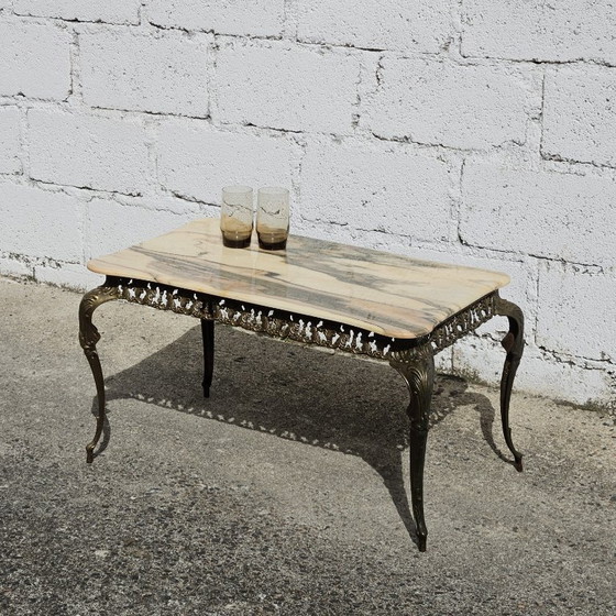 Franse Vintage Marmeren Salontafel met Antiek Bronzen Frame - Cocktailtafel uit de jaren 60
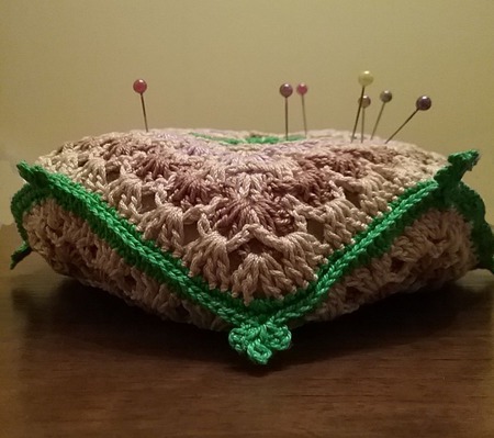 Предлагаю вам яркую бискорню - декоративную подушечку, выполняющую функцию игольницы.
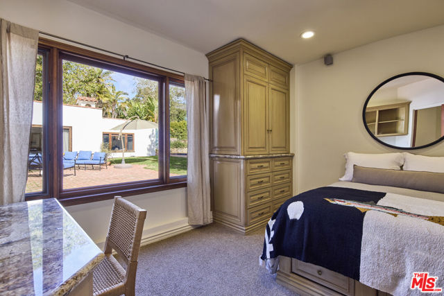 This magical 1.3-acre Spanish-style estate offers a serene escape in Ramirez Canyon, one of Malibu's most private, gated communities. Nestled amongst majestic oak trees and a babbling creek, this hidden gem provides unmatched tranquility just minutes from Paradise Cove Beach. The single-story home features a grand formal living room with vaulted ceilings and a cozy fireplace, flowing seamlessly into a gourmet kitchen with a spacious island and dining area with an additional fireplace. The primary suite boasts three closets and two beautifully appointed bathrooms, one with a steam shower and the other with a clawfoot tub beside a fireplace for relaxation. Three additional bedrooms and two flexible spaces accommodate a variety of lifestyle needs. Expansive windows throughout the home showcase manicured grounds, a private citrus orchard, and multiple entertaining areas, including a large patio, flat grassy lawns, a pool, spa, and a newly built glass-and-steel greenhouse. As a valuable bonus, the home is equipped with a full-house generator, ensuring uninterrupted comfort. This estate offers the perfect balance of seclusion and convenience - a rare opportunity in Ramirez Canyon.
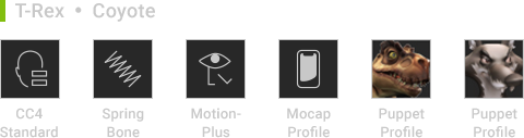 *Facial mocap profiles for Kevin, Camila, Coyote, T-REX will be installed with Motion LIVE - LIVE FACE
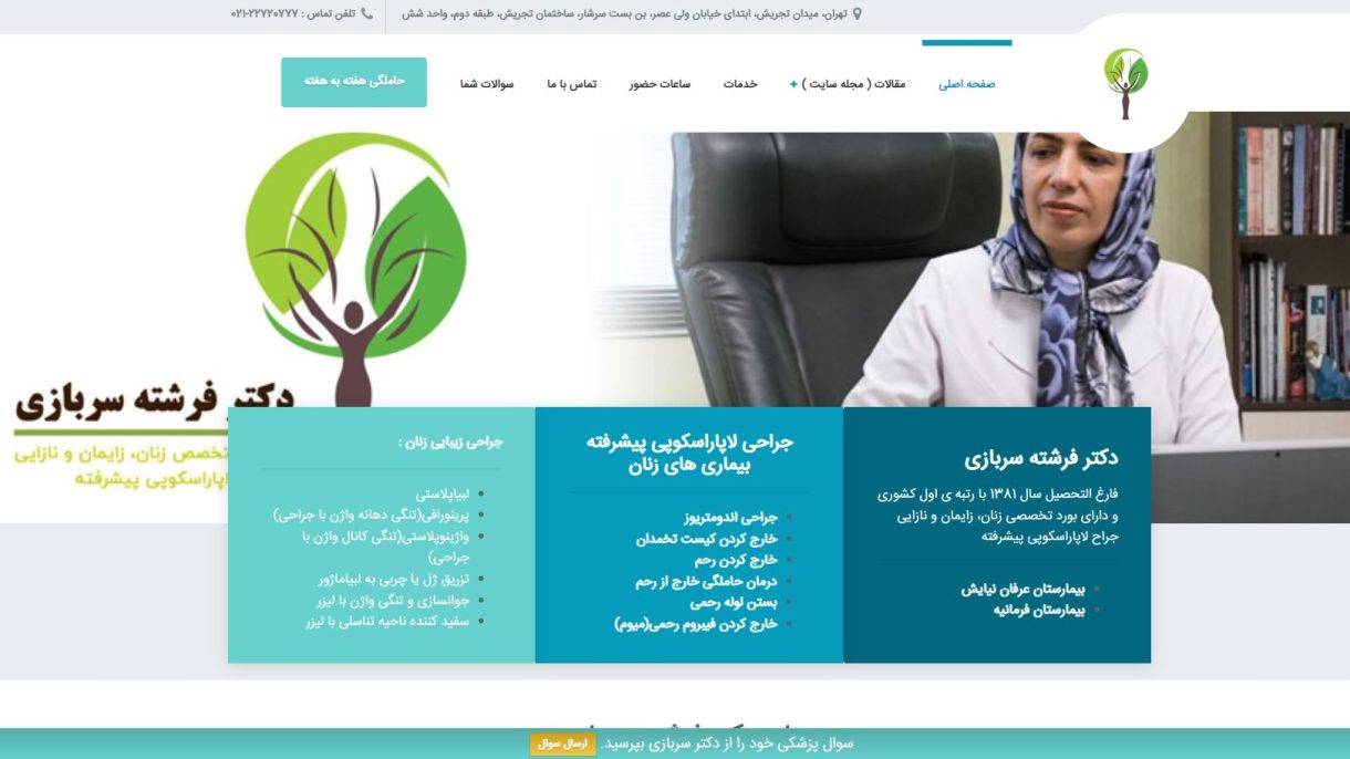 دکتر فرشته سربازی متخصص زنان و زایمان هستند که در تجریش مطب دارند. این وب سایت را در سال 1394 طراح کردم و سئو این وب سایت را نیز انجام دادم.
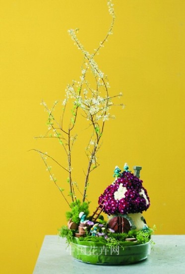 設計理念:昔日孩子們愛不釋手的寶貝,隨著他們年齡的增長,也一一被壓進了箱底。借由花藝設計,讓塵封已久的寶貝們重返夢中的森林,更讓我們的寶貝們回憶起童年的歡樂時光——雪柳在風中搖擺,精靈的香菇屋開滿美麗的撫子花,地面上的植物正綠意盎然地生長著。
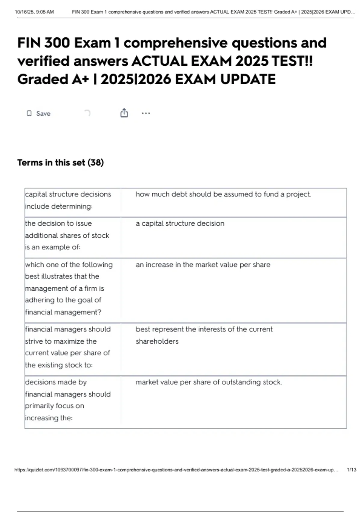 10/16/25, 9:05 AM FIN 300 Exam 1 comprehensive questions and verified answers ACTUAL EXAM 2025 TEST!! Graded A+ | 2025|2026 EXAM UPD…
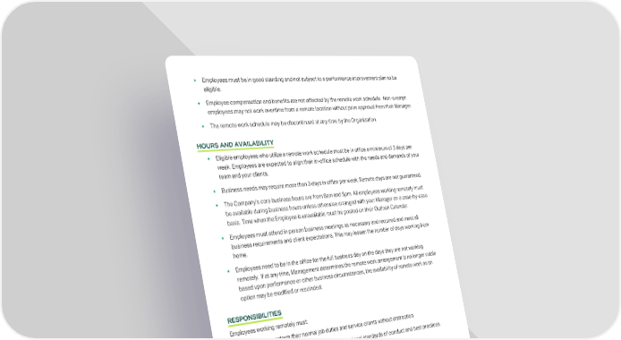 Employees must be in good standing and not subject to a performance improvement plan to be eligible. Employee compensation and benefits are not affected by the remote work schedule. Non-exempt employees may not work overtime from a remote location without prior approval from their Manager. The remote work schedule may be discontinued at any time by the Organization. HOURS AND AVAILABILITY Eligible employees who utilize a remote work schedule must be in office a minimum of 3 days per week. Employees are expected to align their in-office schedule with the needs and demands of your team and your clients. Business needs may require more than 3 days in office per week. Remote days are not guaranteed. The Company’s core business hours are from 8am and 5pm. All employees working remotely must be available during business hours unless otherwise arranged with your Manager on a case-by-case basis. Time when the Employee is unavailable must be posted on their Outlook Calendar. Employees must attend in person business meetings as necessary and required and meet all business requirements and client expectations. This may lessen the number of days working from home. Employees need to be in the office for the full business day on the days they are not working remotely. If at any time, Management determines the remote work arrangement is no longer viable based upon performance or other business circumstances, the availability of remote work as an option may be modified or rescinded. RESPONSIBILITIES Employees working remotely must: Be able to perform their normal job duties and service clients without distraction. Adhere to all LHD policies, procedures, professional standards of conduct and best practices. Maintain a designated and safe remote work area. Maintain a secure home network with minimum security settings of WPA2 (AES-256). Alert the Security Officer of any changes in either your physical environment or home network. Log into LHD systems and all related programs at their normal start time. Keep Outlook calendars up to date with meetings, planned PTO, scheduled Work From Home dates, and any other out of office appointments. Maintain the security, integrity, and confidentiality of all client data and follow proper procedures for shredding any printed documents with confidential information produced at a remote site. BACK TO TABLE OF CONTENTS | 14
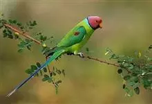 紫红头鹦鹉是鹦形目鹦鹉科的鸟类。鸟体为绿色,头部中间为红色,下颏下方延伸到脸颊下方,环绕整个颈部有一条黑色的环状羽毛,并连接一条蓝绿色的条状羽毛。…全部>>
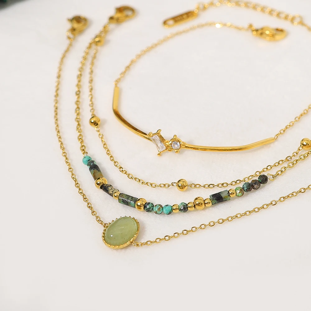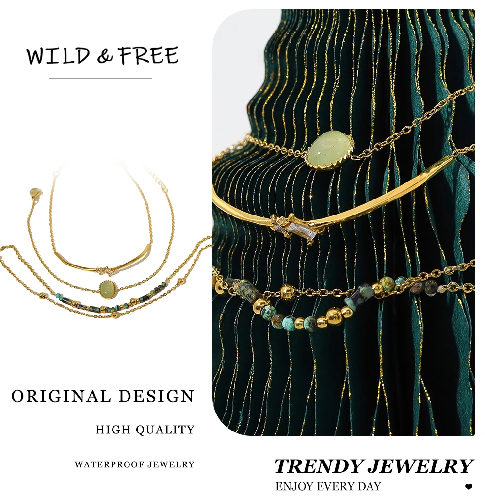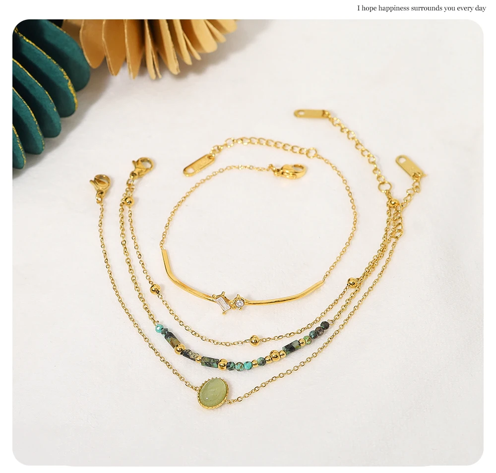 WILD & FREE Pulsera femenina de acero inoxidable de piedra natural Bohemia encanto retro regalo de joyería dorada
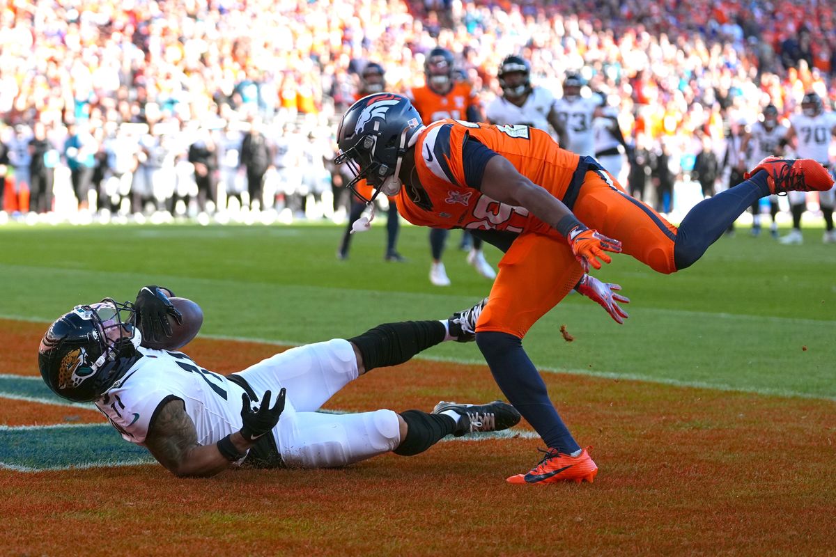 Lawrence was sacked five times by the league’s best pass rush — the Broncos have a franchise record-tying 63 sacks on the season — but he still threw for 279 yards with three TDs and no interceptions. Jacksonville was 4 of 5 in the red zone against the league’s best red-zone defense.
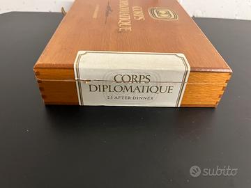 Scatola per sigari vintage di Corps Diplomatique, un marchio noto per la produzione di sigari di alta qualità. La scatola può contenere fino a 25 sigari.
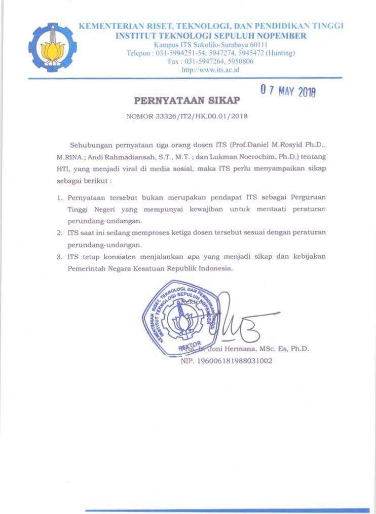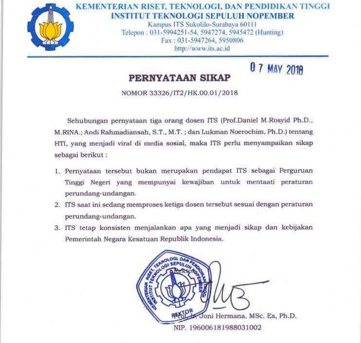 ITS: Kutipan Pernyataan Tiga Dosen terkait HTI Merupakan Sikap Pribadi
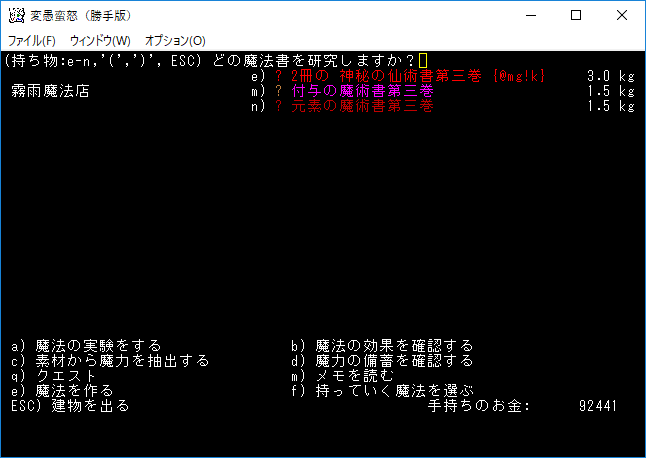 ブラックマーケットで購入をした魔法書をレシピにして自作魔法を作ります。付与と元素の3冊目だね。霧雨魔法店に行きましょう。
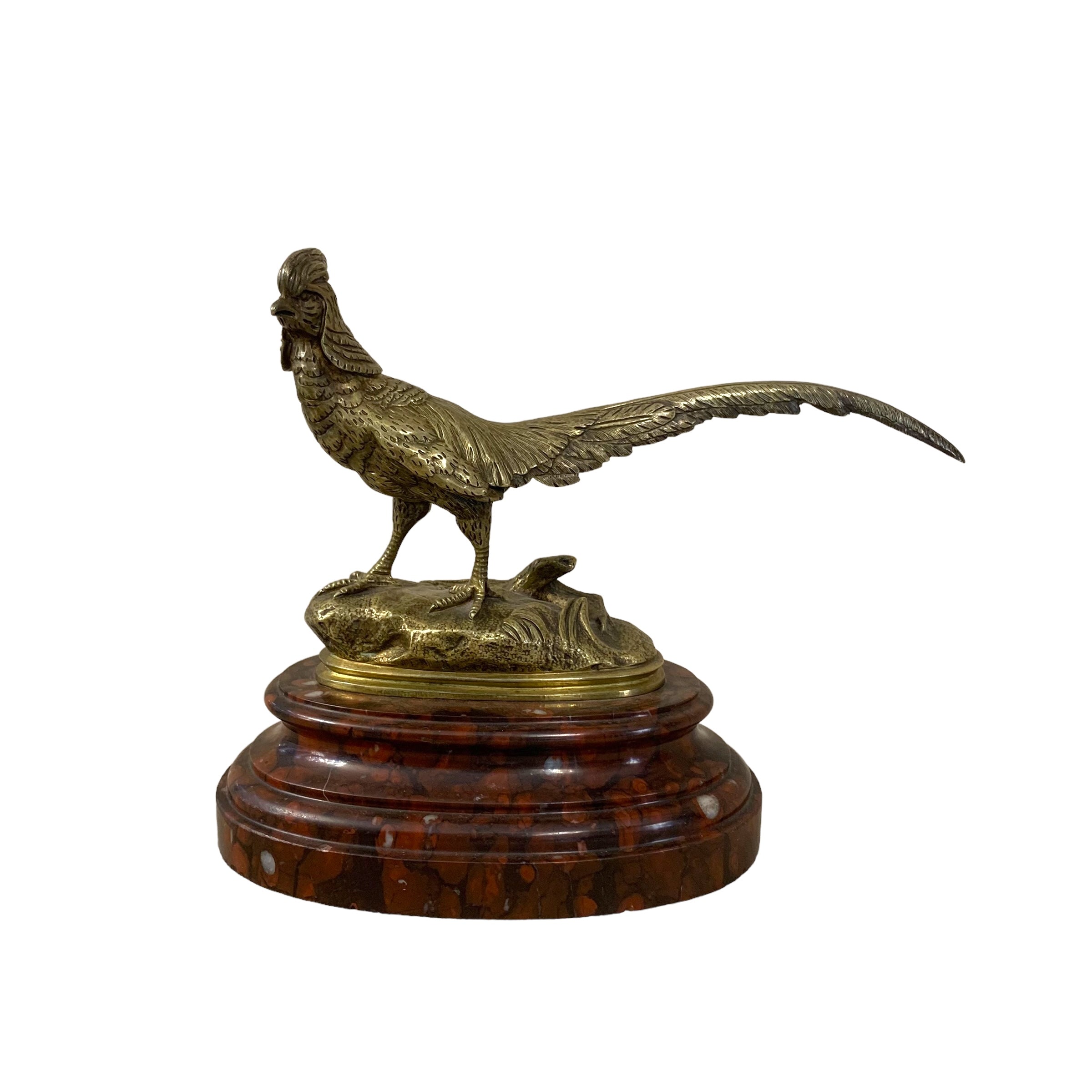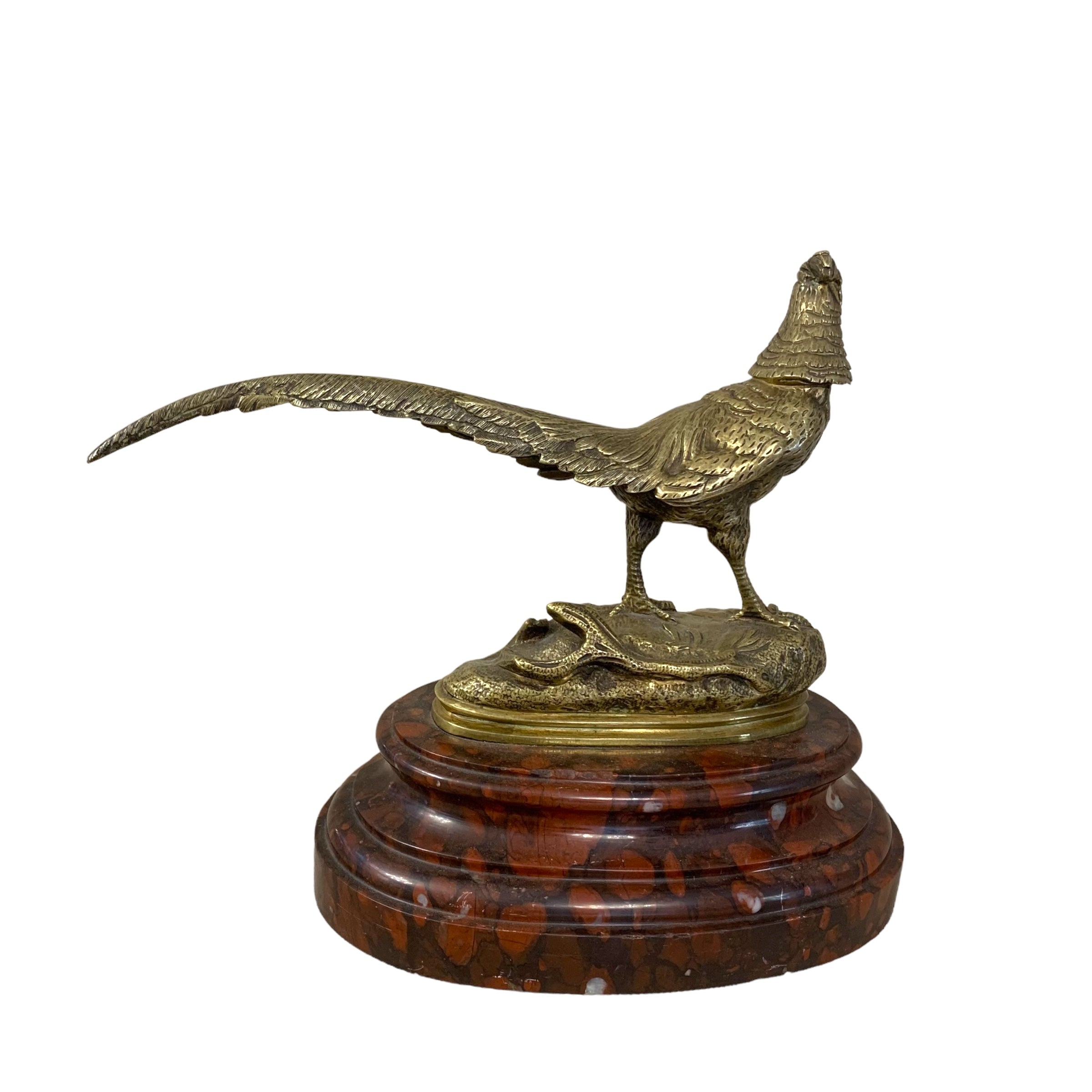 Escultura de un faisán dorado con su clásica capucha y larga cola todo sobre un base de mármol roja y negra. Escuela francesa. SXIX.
==========
# TO DO
Although the records above include pictures, the copy must contain only their exact text.

# EXERCISE ANSWER
 Franse Vintage Marmeren Salontafel met Antiek Bronzen Frame - Cocktailtafel uit de jaren 60
 Предлагаю вам яркую бискорню - декоративную подушечку, выполняющую функцию игольницы.
 This magical 1.3-acre Spanish-style estate offers a serene escape in Ramirez Canyon, one of Malibu's most private, gated communities. Nestled amongst majestic oak trees and a babbling creek, this hidden gem provides unmatched tranquility just minutes from Paradise Cove Beach. The single-story home features a grand formal living room with vaulted ceilings and a cozy fireplace, flowing seamlessly into a gourmet kitchen with a spacious island and dining area with an additional fireplace. The primary suite boasts three closets and two beautifully appointed bathrooms, one with a steam shower and the other with a clawfoot tub beside a fireplace for relaxation. Three additional bedrooms and two flexible spaces accommodate a variety of lifestyle needs. Expansive windows throughout the home showcase manicured grounds, a private citrus orchard, and multiple entertaining areas, including a large patio, flat grassy lawns, a pool, spa, and a newly built glass-and-steel greenhouse. As a valuable bonus, the home is equipped with a full-house generator, ensuring uninterrupted comfort. This estate offers the perfect balance of seclusion and convenience - a rare opportunity in Ramirez Canyon.
 *Facial mocap profiles for Kevin, Camila, Coyote, T-REX will be installed with Motion LIVE - LIVE FACE
 دکتر فرشته سربازی متخصص زنان و زایمان هستند که در تجریش مطب دارند. این وب سایت را در سال 1394 طراح کردم و سئو این وب سایت را نیز انجام دادم.
 設計理念:昔日孩子們愛不釋手的寶貝,隨著他們年齡的增長,也一一被壓進了箱底。借由花藝設計,讓塵封已久的寶貝們重返夢中的森林,更讓我們的寶貝們回憶起童年的歡樂時光——雪柳在風中搖擺,精靈的香菇屋開滿美麗的撫子花,地面上的植物正綠意盎然地生長著。
 10/16/25, 9:05 AM FIN 300 Exam 1 comprehensive questions and verified answers ACTUAL EXAM 2025 TEST!! Graded A+ | 2025|2026 EXAM UPD…
 Employees must be in good standing and not subject to a performance improvement plan to be eligible. Employee compensation and benefits are not affected by the remote work schedule. Non-exempt employees may not work overtime from a remote location without prior approval from their Manager. The remote work schedule may be discontinued at any time by the Organization. HOURS AND AVAILABILITY Eligible employees who utilize a remote work schedule must be in office a minimum of 3 days per week. Employees are expected to align their in-office schedule with the needs and demands of your team and your clients. Business needs may require more than 3 days in office per week. Remote days are not guaranteed. The Company’s core business hours are from 8am and 5pm. All employees working remotely must be available during business hours unless otherwise arranged with your Manager on a case-by-case basis. Time when the Employee is unavailable must be posted on their Outlook Calendar. Employees must attend in person business meetings as necessary and required and meet all business requirements and client expectations. This may lessen the number of days working from home. Employees need to be in the office for the full business day on the days they are not working remotely. If at any time, Management determines the remote work arrangement is no longer viable based upon performance or other business circumstances, the availability of remote work as an option may be modified or rescinded. RESPONSIBILITIES Employees working remotely must: Be able to perform their normal job duties and service clients without distraction. Adhere to all LHD policies, procedures, professional standards of conduct and best practices. Maintain a designated and safe remote work area. Maintain a secure home network with minimum security settings of WPA2 (AES-256). Alert the Security Officer of any changes in either your physical environment or home network. Log into LHD systems and all related programs at their normal start time. Keep Outlook calendars up to date with meetings, planned PTO, scheduled Work From Home dates, and any other out of office appointments. Maintain the security, integrity, and confidentiality of all client data and follow proper procedures for shredding any printed documents with confidential information produced at a remote site. BACK TO TABLE OF CONTENTS | 14
 紫红头鹦鹉是鹦形目鹦鹉科的鸟类。鸟体为绿色,头部中间为红色,下颏下方延伸到脸颊下方,环绕整个颈部有一条黑色的环状羽毛,并连接一条蓝绿色的条状羽毛。…全部>>
 WILD & FREE Pulsera femenina de acero inoxidable de piedra natural Bohemia encanto retro regalo de joyería dorada
 Lawrence was sacked five times by the league’s best pass rush — the Broncos have a franchise record-tying 63 sacks on the season — but he still threw for 279 yards with three TDs and no interceptions. Jacksonville was 4 of 5 in the red zone against the league’s best red-zone defense.
 Scatola per sigari vintage di Corps Diplomatique, un marchio noto per la produzione di sigari di alta qualità. La scatola può contenere fino a 25 sigari.
 ITS: Kutipan Pernyataan Tiga Dosen terkait HTI Merupakan Sikap Pribadi
 ブラックマーケットで購入をした魔法書をレシピにして自作魔法を作ります。付与と元素の3冊目だね。霧雨魔法店に行きましょう。
 Escultura de un faisán dorado con su clásica capucha y larga cola todo sobre un base de mármol roja y negra. Escuela francesa. SXIX.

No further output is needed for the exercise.